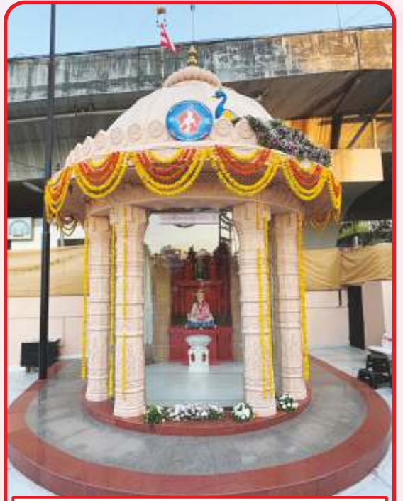
પ્રાસાદિક શ્રી ભગતજી તીર્થ, અટલાદરા

પાલનની અલૌકિક ગાથાને નૃત્ય અને પ્રિરે કોર્ડેડ વિડિયો સંવાદ સાથે અત્યંત ભકિતસભર સાંસ્કૃતિક કાર્યક્રમ દ્વારા પ્રસ્તુત કરી. ભગવાન શ્રી સ્વામિનારાયણ, શ્રી ગુણાતીતાનંદ સ્વામી, શ્રી ગોપાળાનંદ સ્વામી, શ્રી ભગતજી મહારાજ, શ્રી શાસ્ત્રીજી મહારાજ, શ્રી યોગીજી મહારાજ અને સંતભગવંત સાહેબજીના મહિમા સાથે શ્રી અક્ષર પુરુષોત્તમ
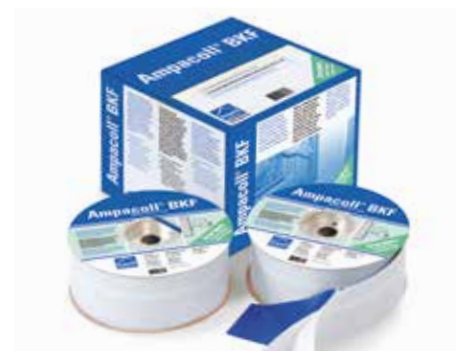
Ampacoll® BKF: Nastro per la posa delle finestre per costruzioni massicce
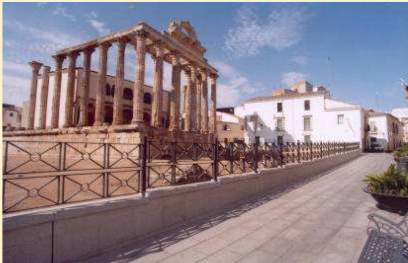
Embellimiento del casco histórico, Templo de Diana. Mérida
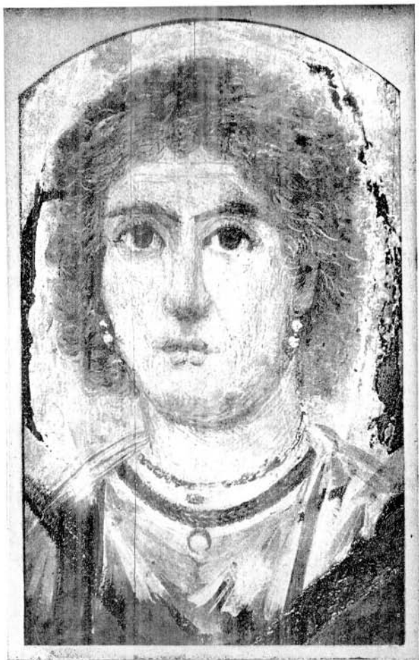
Hellenistisches Porträt aus Ägypten
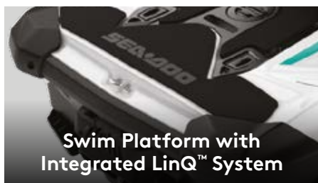
Swim Platform with Integrated LinQ™ System

Вместительное багажное отделение — это впечатляющие 152 литра защищенного от проникновения воды пространства для перевозки различных предметов.
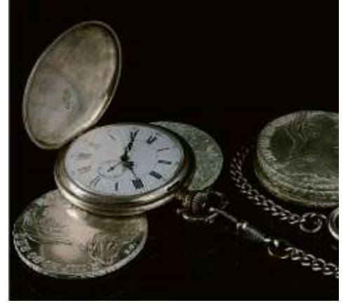
Taschenuhr und Silbermünzen

Berliner Straße 66 (am Theatertunnel) 60311 Frankfurt Innenstadt Tel. 01578 5072282
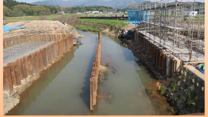
写真-3:熊坂川橋東側
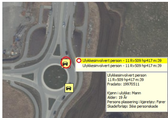
Figur 3: Data for en ulykkesinnvolvert person

Her vises data for den ene av to ulykkesinnvolverte personer i en ulykkesinnvolvert enhet
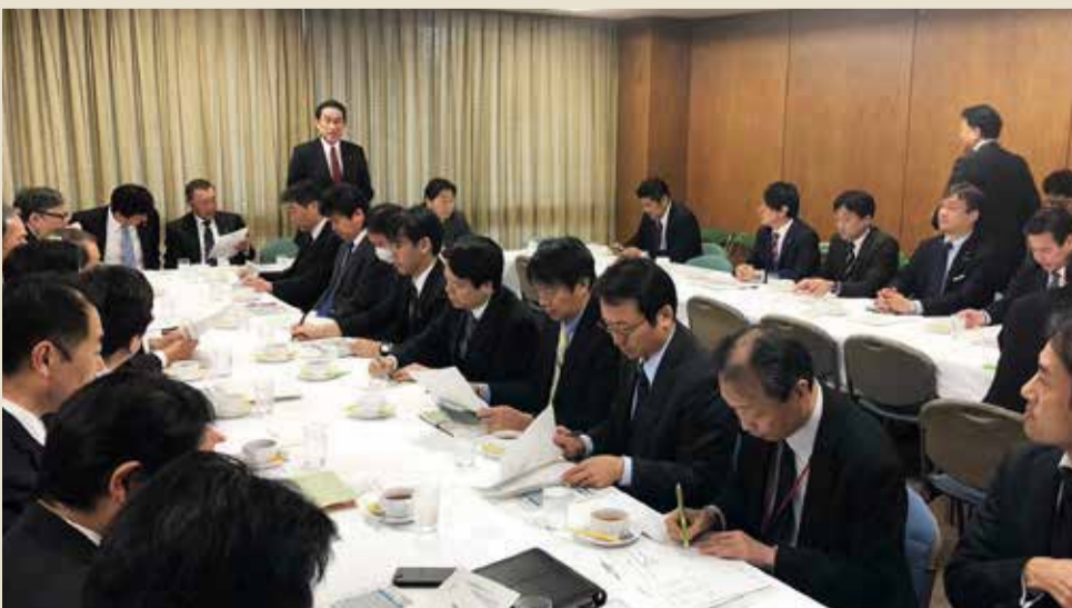
経済成長戦略本部

今年1月に戦略本部の下に5つのプロジェクトチームが設置され、その一つである「格差の少ない「人」が主役の社会づくりPT」の主査として、社会保障や雇用、賃上げ等の議論をリードしています。
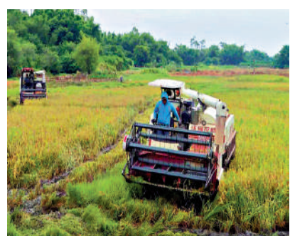
▲颱風「泰利」來襲前，廣東多地搶收農作物。

做好準備 今年第4號颱風「泰利」來襲，珠三角多地農田紛紛搶收水稻、農作物。「颱風要來了！得趕緊收割了。」
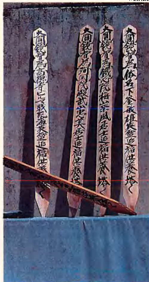
Les ofrenes han esdevingut un símbol de la memòria. En honor als caiguts.
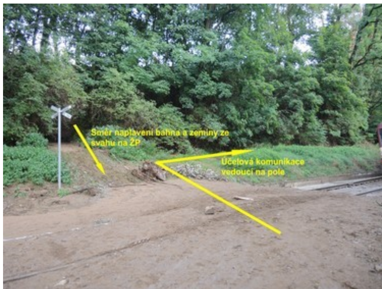
Obr. č. 13: Pohled na prostor ŽP
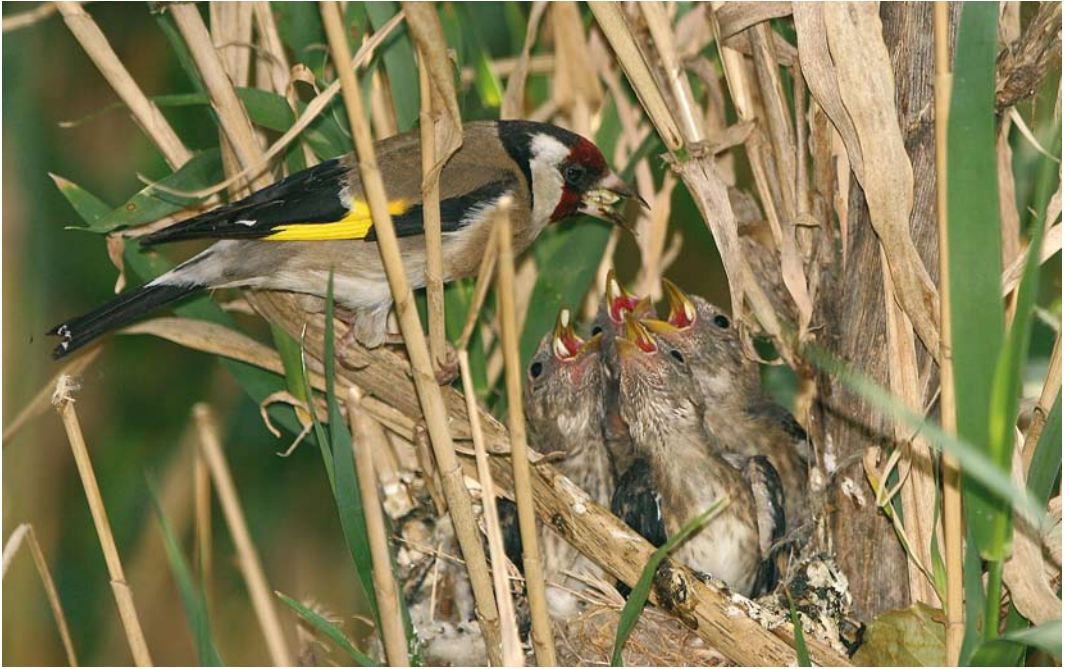
60 European Goldfinch / Putter Carduelis carduelis feeding its chicks, Azuqueca de Henares, Guadalajara, Spain, June 2009 ( Luis Miguel Ruiz Gordón ) 61 Eurasian Reed Warbler / Kleine Karekiet Acrocephalus scirpaceus , feeding same chicks of European Goldfinch / Putter Carduelis carduelis as in plate 60, Azuqueca de Henares, Guadalajara, Spain, June 2009 ( Luis Miguel Ruiz Gordón )

* Task brief *
Pick each line holding "ulykkesinnvolvert" out of the entries above and return it.

* Answer area *
Figur 3: Data for en ulykkesinnvolvert person
Her vises data for den ene av to ulykkesinnvolverte personer i en ulykkesinnvolvert enhet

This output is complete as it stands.